God intended people in the church to be mutually encouraged by each other’s faith (Romans 1:12); have concern for each other (1 Corinthians 12:25); serve each other (Galatians 5:13);

build each other up (1 Thessalonians 5:11); encourage each other daily (Hebrews 3:13); and show brotherly love to each other (1 Peter 1:22).

Right now we are Separation Together. Because we really do need each other, don’t we?  It’s been over a month since the day of separation together. Today would be a really good day to FaceTime, Zoom, or call someone in your church and see how they’re doing. Before you end the call, say, “I want you to know that we’re in this together.”


Pray with me:

Lord, You have made us to need each other. Instead of asking You to soften my feelings of isolation today, I’m asking that You use me to soften someone else’s feelings of isolation. Call to my mind a member of my church who might not have the same strength of relationships as I do, and use me to encourage them today. In Jesus’ name, amen!


Pastor Don

Separated Together: 40 Days

We have all been told recently by our Governor that we should maintain our social isolation at least until May 15th.  That will take us past the 40 day mark. In one sense, that’s discouraging. Forty days is a long time. In another sense, it’s encouraging. Let me tell you why.

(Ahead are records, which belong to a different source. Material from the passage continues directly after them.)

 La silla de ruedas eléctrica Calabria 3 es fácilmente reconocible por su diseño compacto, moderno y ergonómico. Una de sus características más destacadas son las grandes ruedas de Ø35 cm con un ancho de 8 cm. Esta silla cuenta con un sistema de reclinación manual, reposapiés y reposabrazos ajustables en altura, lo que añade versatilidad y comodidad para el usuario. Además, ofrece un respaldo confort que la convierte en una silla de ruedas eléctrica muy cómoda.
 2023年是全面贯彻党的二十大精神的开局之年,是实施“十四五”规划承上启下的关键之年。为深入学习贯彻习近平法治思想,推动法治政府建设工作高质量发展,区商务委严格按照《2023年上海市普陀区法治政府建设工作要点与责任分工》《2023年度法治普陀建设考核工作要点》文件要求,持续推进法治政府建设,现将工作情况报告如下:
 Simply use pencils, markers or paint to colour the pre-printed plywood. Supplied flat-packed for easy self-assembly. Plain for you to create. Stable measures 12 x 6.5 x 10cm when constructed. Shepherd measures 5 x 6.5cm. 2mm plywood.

When God was judging the earth, He made it rain for 40 days (Genesis 7:12).

When He was creating a spiritual nation out of Israel, He spent 40 days with Moses on Mt. Sinai (Exodus 24:18).

The twelve spies spent 40 days scouting the Promised Land (Numbers 13:25).

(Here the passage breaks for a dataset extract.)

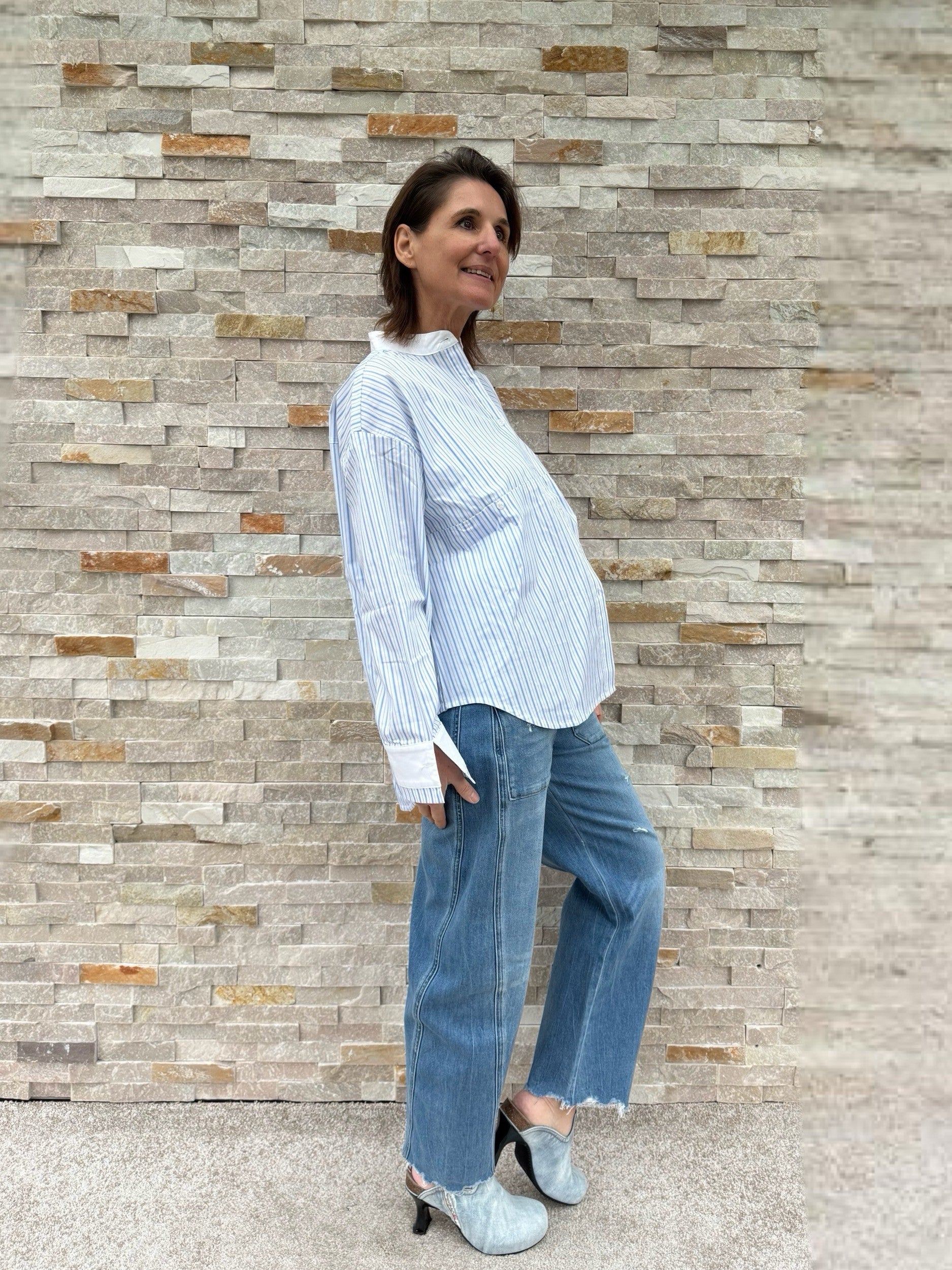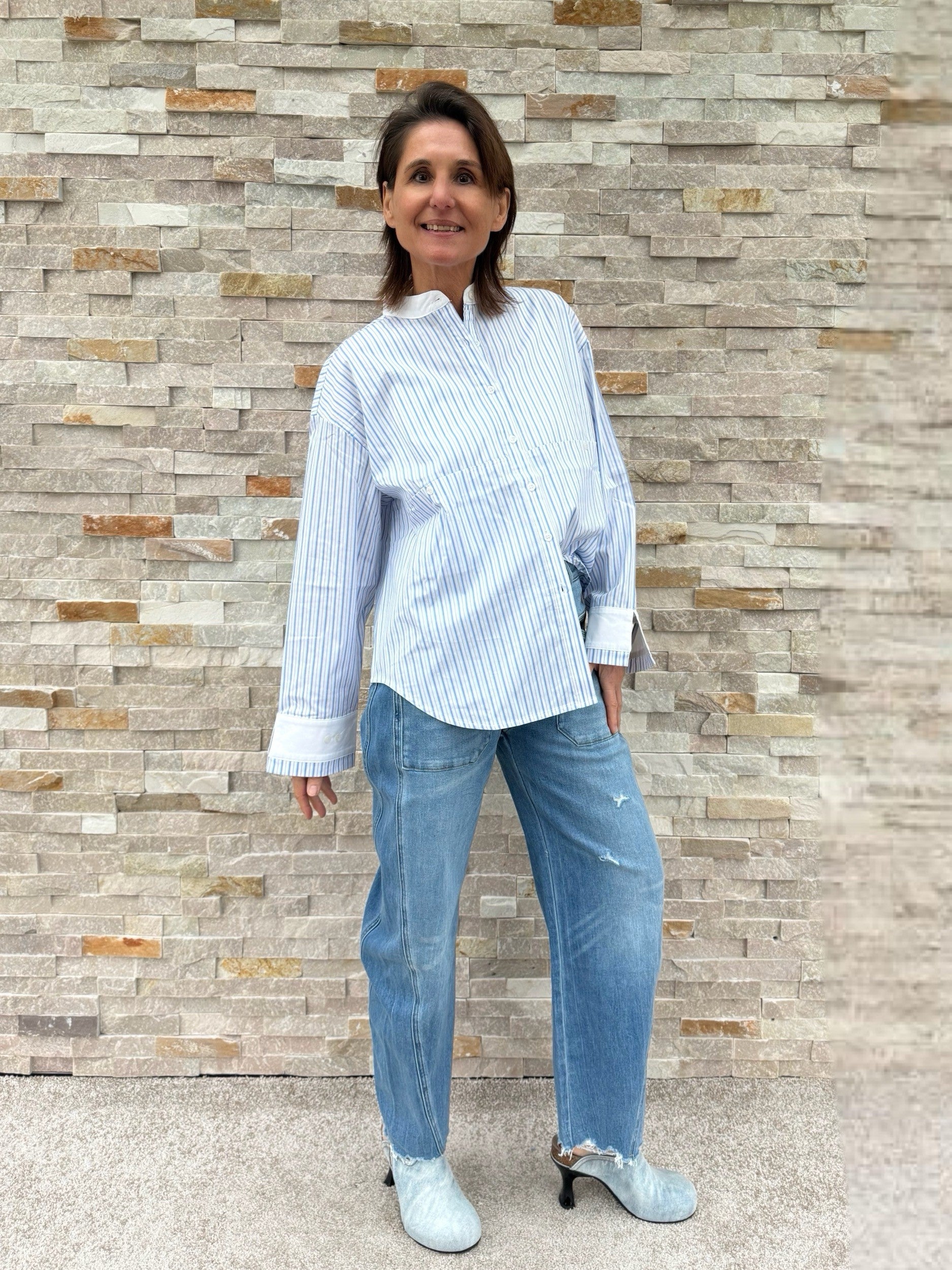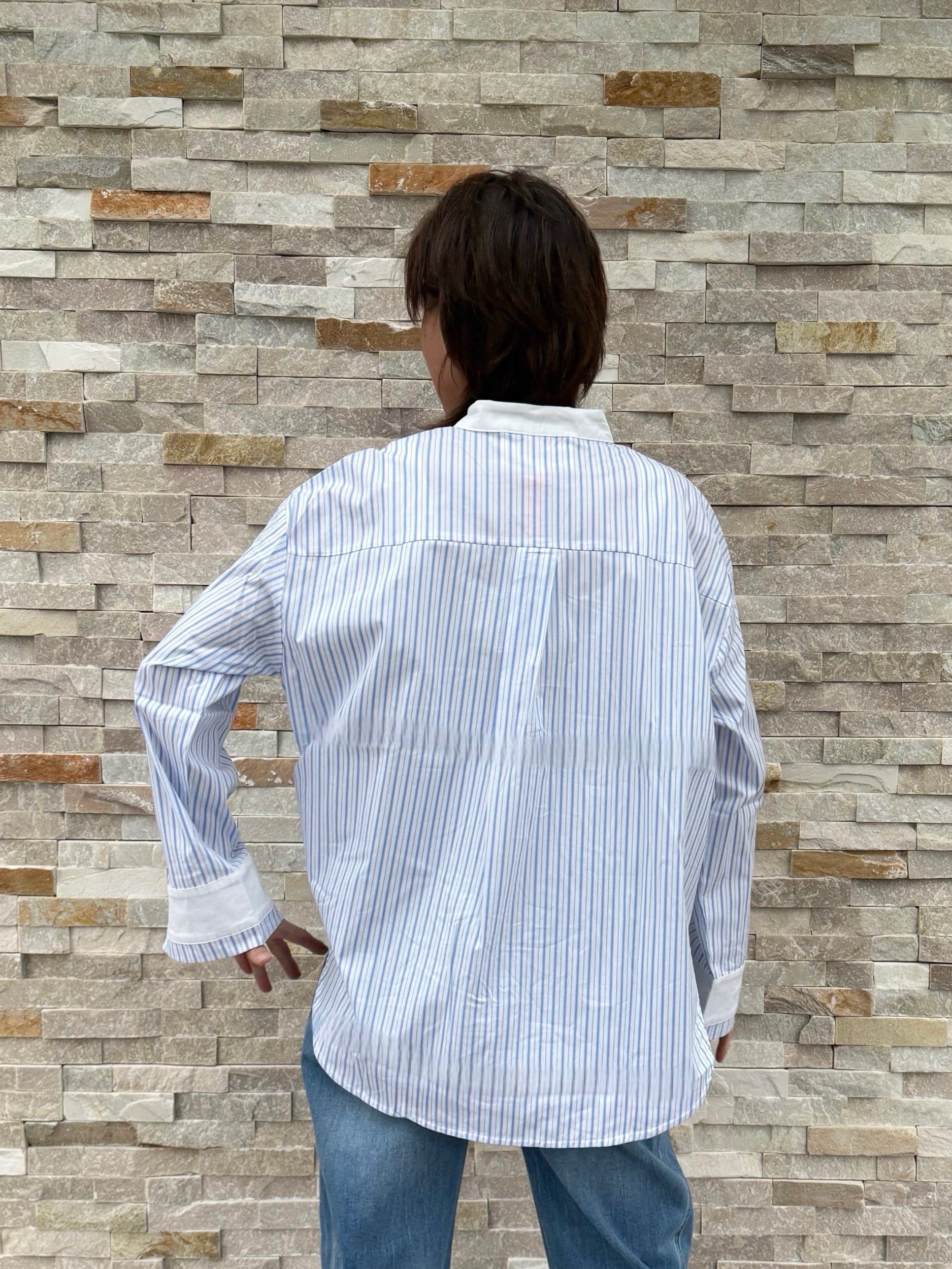 Oversized Streifen Bluse mit Stehkragen in Weiß mit Hellblau

Goliath ranted for 40 days while God prepared David to defeat him (1 Samuel 17:16).

As he prepared for a transition in ministry, Elijah walked 40 days without food, to Mt. Horeb (1 Kings 19:8).

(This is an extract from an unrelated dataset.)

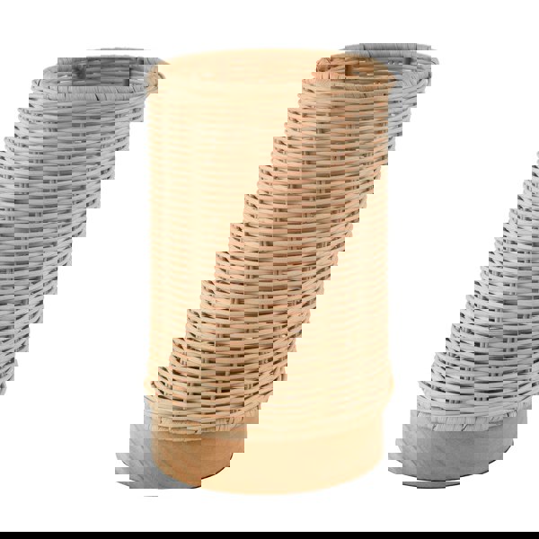 Features an woven natural rattan cylindrical shade which creates a beautiful ambient effect when light shines through.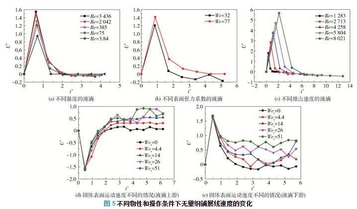 在固體表面水平運(yùn)動(dòng)時(shí),定義液滴上游方向?yàn)橐旱武佌古c固體表面運(yùn)動(dòng)相同的方向,反之為液滴下游方向。如圖5(d)所示,液滴上游鋪展線速度(絕對(duì)值)在撞擊后的短時(shí)間內(nèi)增加到最大值,但由于其方向與固體表面運(yùn)動(dòng)方向相反,隨著固體表面運(yùn)動(dòng)速度的增大,液滴受到的黏性力增大,且上游鋪展線速度降低。液滴上游鋪展線速度降至0之后,黏性力與上游鋪展線速度的方向開始相同,此時(shí)黏性力作正功,因此固體表面運(yùn)動(dòng)速度的增大會(huì)使得上游鋪展線速度增大,直至上游鋪展線速度與表面運(yùn)動(dòng)速度相等。如圖5(e)所示,在撞擊的瞬間,液滴下游鋪展線速度大于表面的運(yùn)動(dòng)速度,此時(shí)黏性力做負(fù)功,且下游鋪展線速度會(huì)逐漸減小至固體表面運(yùn)動(dòng)速度。

Through Jonah, God gave the people of Nineveh 40 days to repent (Jonah 3:4), and they did!

To prepare for His public ministry, Jesus spent 40 days in prayer and fasting (Matthew 4:2).

To prepare the Disciples for public ministry, Jesus spent 40 days instructing them, after His resurrection (Acts 1:3).

Forty days is a spiritually significant length of time! Does God have a specific purpose in mind for our 40 days of isolation? I don’t know. What I do know is that God once used 40 days to transform the world (via the Flood). He twice used 40 days to transform nations (at Mt. Sinai and at Nineveh). And on four occasions He used 40 days to prepare people for significant new ministry (Joshua and Caleb, Elijah, Jesus, and the Disciples.)

Which leads me to believe He might be changing our world right now.He also might be changing our nation. And He definitely wants to change you and me, in preparation for significant ministry. Which is very encouraging, isn’t it? And worth praying for, wouldn’t you agree?

Moses entered the cloud as he went up the mountain, and he remained on the mountain forty days and forty nights. Exodus 24:18

After he had suffered, he also presented himself alive to them by many convincing proofs, appearing to them over a period of forty days and speaking about the kingdom of God. Acts 1:3

Pray with me:

Dear Lord, we want to remain with You like Moses during these 40 days and nights. We ask that You appear to us, alive, and by many convincing proofs, like You did for the Disciples. We pray that You will revive our world spiritually during these 40 days. And revive our nation. And revive us. Your kingdom come on earth, as it is in heaven. Make us into Joshuas, and Elijahs, and Peters, and Esthers during this time. In Jesus’ name, amen!